Last post was about my father in the closing days of WWII. After his wounds had healed, he was returned to his unit, now in occupied Bavaria.
How he felt about the German soldiers he fought, he never did say. In his stories, he never shot them — just scared them a bit. Somewhere along the line he had ditched his M1 Garand for a Thompson sub-machine gun with a broken stock. He carried it (he said) one handed by the pistol grip; in combat he pulled the trigger and recoil sent the muzzle swinging up and to the left, with a spray of bullets that sent the enemy sprinting for cover.
It was a good, clean story for the wife and kid, but once he almost slipped in the middle of telling it.

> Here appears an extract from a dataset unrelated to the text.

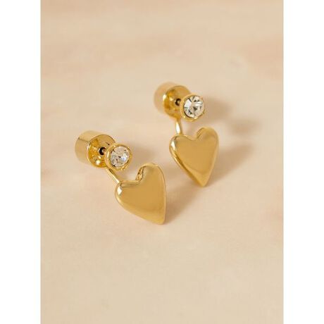 <b>【ぷっくりハート型キャッチと、煌めきストーンのポストを組み合わせた新鮮ハートモチーフピアス】</b>

Comfort and humor almost got swamped by blood and truth. He changed the subject. There is no doubt in my mind that, like a million other WWII veterans, he only told what his audience could bear to hear.
His feelings about German civilians were quite clear; these were his kind of people. Bavaria was a long way from the seats of power, and these were farmers and poor shopkeepers. He hated Nazis, and German generals, and politicians, but he liked the local people and they liked him. So did their daughters.

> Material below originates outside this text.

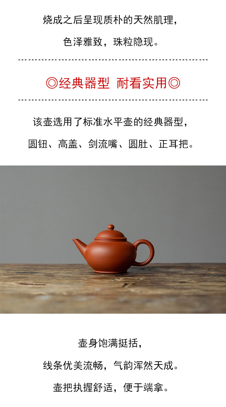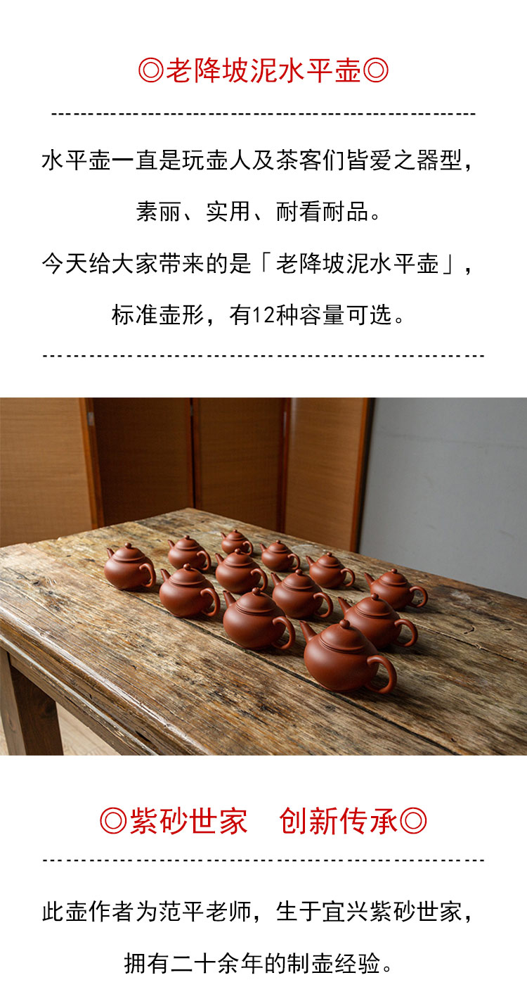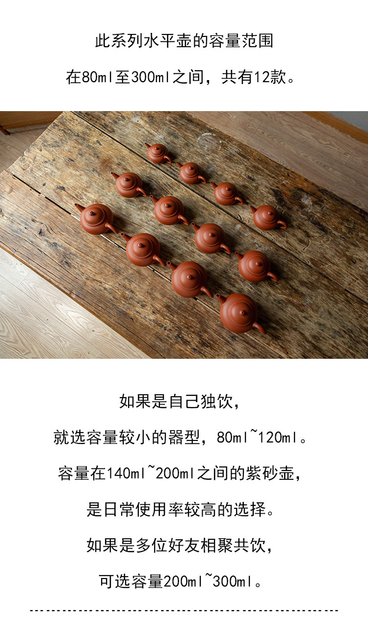 茶香记 老降坡泥水平壶 紫砂壶 标准水平 多种容量 简单素丽 透气易养

My father was handsome young man, full of life, full of fun, and he had money. The young German men were gone. They had gone to war and were now dead or in Allied POW camps. The German civilians were hungry. As I read between the lines of his stories, my father kept several families fed, in exactly the same way my grandfather kept several families of out of work townsmen fed with produce from his farm during the depression.
My father’s feelings for his Bavarian Germans were conditioned by his childhood. These were working people, like his own family and friends, and like the German settlers that lived around Owasso, Oklahoma where he was raised.
He fell in love with a German girl and they planned marriage, but he discovered that to marry her, he would have to reenlist and remain in Germany two more years. He was a homesick farm boy, ready to feel the Oklahoma dirt beneath his feet again, so he left his German girlfriend and came home. A year later he married. A year after that, I was born.